One of the most discouraging aspects of this is Kassian and Cormier were both playing on new teams after being traded at their league's deadline.

There's little question in a player's mind that throwing a big hit, fighting or "doing what it takes" helps a new guy fit in an unfamiliar dressing room.

But if that's the root of this problem -- acceptance -- then there's really only one thing Branch and Co. can do.

Suspend both until the end of the regular season.

Let these Cup contending clubs fret about what these guys bring to team chemistry during Game 1 of the playoffs.
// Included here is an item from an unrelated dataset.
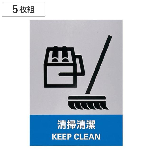 安全標識ステッカー 「清掃清潔」 英文字入り 5枚組 16x12cm ( 標示シール 英語 )
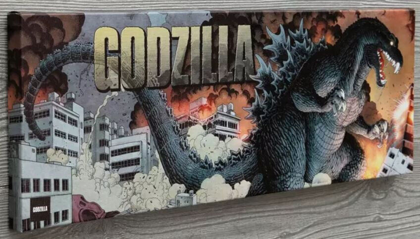 This Godzilla Canvas Wall Decor Wooden Framed Wall Art is new.

AROUND THE OHL: Two guys who should be in the Top Prospects Game but aren't: Erie F Greg McKegg (51 points) and London F Jared Knight (25 goals). Just goes to show the game is more about reputation and hype than earning a spot . . . Windsor held the OHL all-star game last year, the Canada-Russia Subway Super Series in November and, now, the Top Prospects Game. There's only one CHL event left - the Memorial Cup - and they're the front-running bid for 2011. But watch out for Mississauga. Good team, good rink and a chance to sell the junior game in a very important market . . . Since Eric Lindros was drafted in 1991, there have been seven NHL first overall picks play in the OHL. All were selected from teams that play in what is now known as the league's Western Conference. No. 8 will come in June when either Plymouth's Tyler Seguin or Windsor's Taylor Hall hear their name in Los Angeles . . . Hall and Seguin are captaining their respective teams in the Top Prospects Games tonight. They're also 1-2 in what's going to be a great OHL scoring race . . . There was only one 100-point scorer in the league last year - Tavares. The OHL will be lucky to have one this year.